- What is expected
In the entries below, find the line with "Charles Campagne Elementary" and the line with "EXISTING REAR ELEVATION SCALE : 1:200", then retype both and everything between them exactly. Do not copy the pictures.

- Records for this exercise
* * *
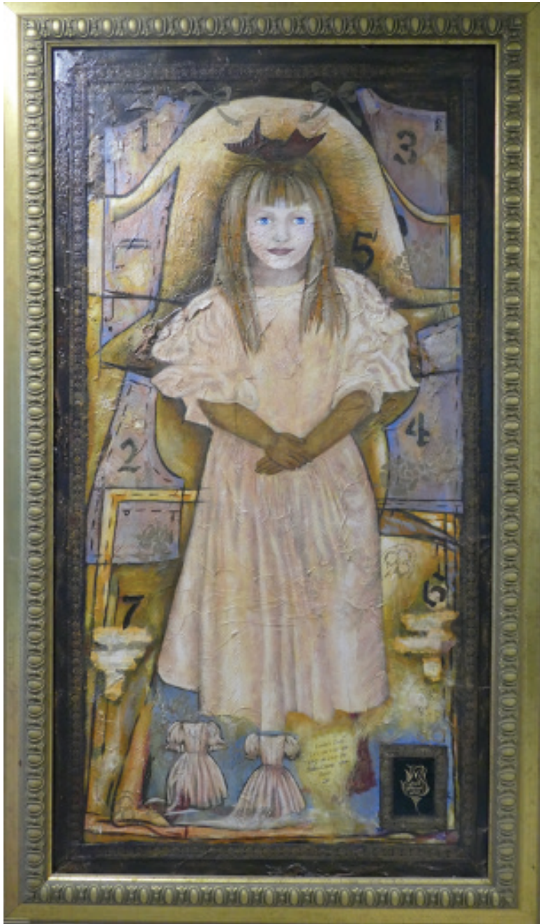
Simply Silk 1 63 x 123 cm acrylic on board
* * *
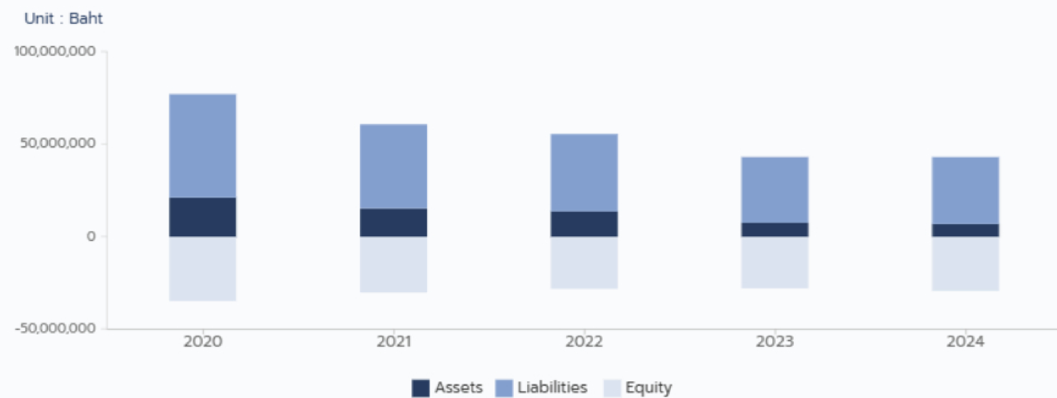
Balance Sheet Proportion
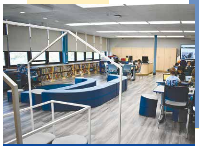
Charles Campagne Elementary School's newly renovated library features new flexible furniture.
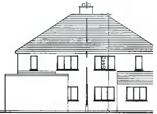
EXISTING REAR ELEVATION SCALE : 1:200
* * *
- Solved exercise
Charles Campagne Elementary School's newly renovated library features new flexible furniture.
EXISTING REAR ELEVATION SCALE : 1:200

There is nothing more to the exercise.